Renewables have a twofold effect on electricity prices: whilst on one hand they contribute to reducing the pool price of electricity, retail prices increase due to the cost of support policies. In the long term, as long as support levels decrease, the retail price will tend to stabilize again whilst the decreasing effect in the wholesale market will prevail.
Finally, although certainly higher electricity prices harm competitiveness as is conventionally understood, they better reflect the real cost of energy, and incentivize energy efficiency, which is another objective defined in the EU strategy 2020. Moreover, when dynamically understood, environmental standards can even improve competitiveness. As Porter and van der Linde puts it:
“Properly designed environmental standards can trigger innovations that lower the total cost of a product or improve its value. Such innovations allow companies to use a range of inputs more productively—from raw materials to energy to labor—thus offsetting the costs of improving environmental impact and ending the stalemate. Ultimately, this enhanced resource productivity makes companies more competitive, not less.”

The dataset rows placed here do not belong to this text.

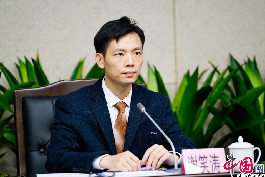 廣州市人民政府新聞辦公室副調(diào)研員謝笑濤主持發(fā)布會  中國網(wǎng)李康  攝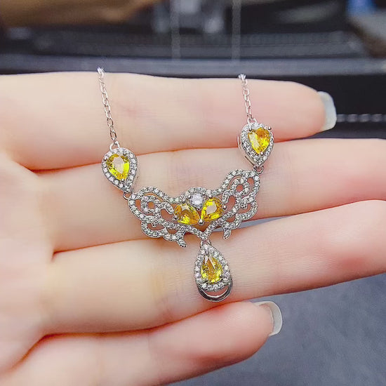 The natural yellow and blue gemstone necklace has arrived, with excellent color and crystal clear and sparkling colors. It is exquisitely inlaid with S925 silver, which is stunning. The main stone is 4 * 5mm. (962005)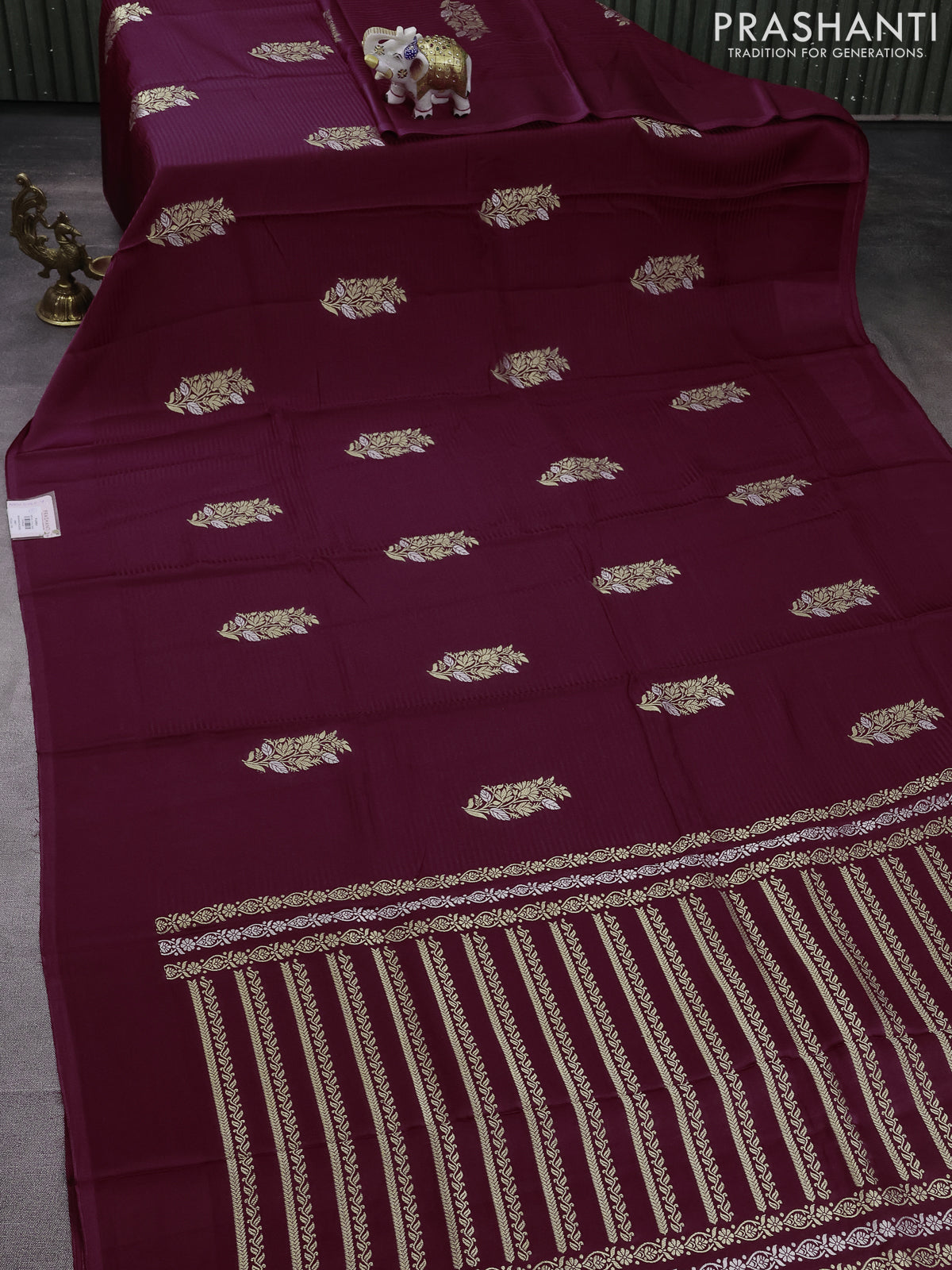 Banarasi mushru silk saree maroon with allover stripes pattern & zari weaves and satin border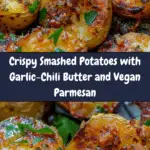 Golden, crispy smashed potatoes with fluffy centers, tossed in a rich garlic-chili butter and finished with savory vegan Parmesan. A bold, comforting plant-based side dish perfect for any occasion.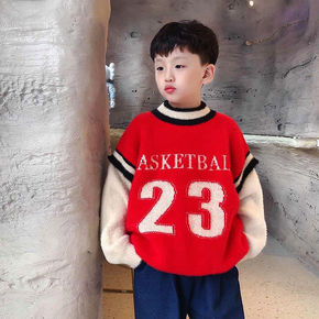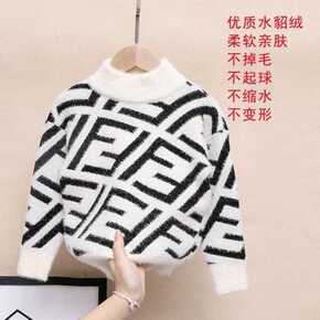 男女童水貂绒毛衣套头儿童针织衫新款洋气中大童男孩打...
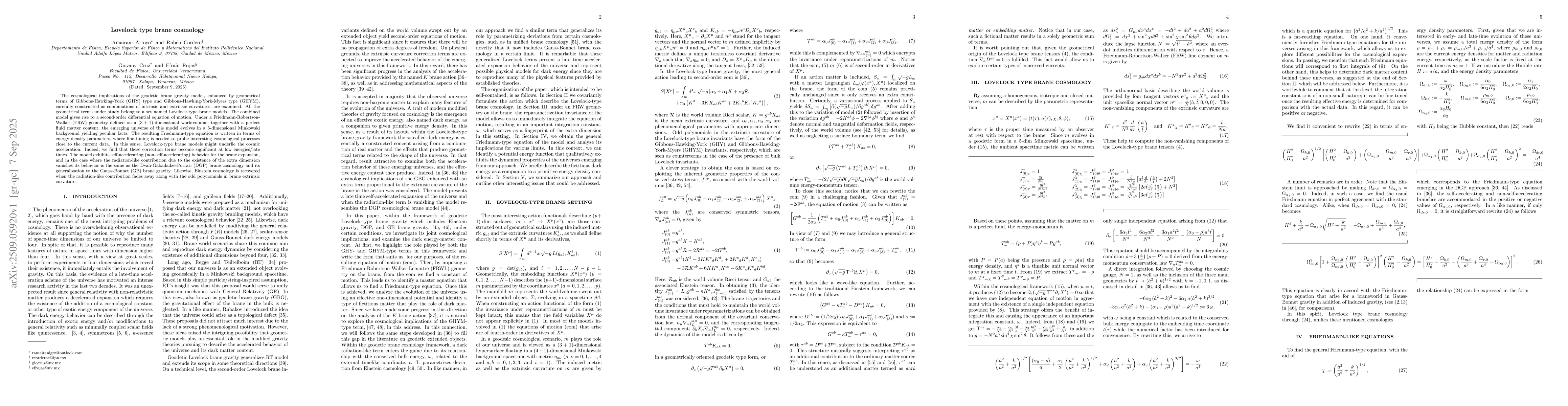 The cosmological implications of the geodetic brane gravity model, enhanced by geometrical terms of Gibbons-Hawking-York (GHY) type and Gibbons-Hawking-York-Myers type (GHYM), carefully constructed as combinations of intrinsic and extrinsic curvatures, are examined. All the geometrical terms under study belong to a set named Lovelock-type brane models. The combined model gives rise to a second-order differential equation of motion. Under a Friedmann-Robertson-Walker (FRW) geometry defined on a $(3+1)$-dimensional world volume, together with a perfect fluid matter content, the emerging universe of this model evolves in a 5-dimensional Minkowski background, yielding peculiar facts. The resulting Friedmann-type equation is written in terms of energy density parameters, where fine-tuning is needed to probe interesting cosmological processes close to the current data. In this sense, Lovelock-type brane models might underlie the cosmic acceleration. Indeed, we find that these correction terms become significant at low energies/late times. The model exhibits self-accelerating (non-self-accelerating) behavior for the brane expansion, and in the case where the radiation-like contribution due to the existence of the extra dimension vanishes its behavior is the same as the Dvali-Gabadadze-Porrati (DGP) brane cosmology and its generalization to the Gauss-Bonnet (GB) brane gravity. Likewise, Einstein cosmology is recovered when the radiation-like contribution fades away along with the odd polynomials in brane extrinsic curvature.

The above discussion does not mean that solar is the panacea. Other measures (such as smart consumption and energy efficiency) and technologies will be needed to achieve a sustainable (in economic and environmental terms) energy supply. But it is clear provided the evidence mentioned above that solar will be a significant part of the solution.
Javier López Prol is currently pursuing a PhD in Economics at the Wegener Center for Climate and Global Change, University of Graz, Austria. He is focusing on the transformations to a low carbon economy, mainly in the energy sector and with special attention to the photovoltaic technology.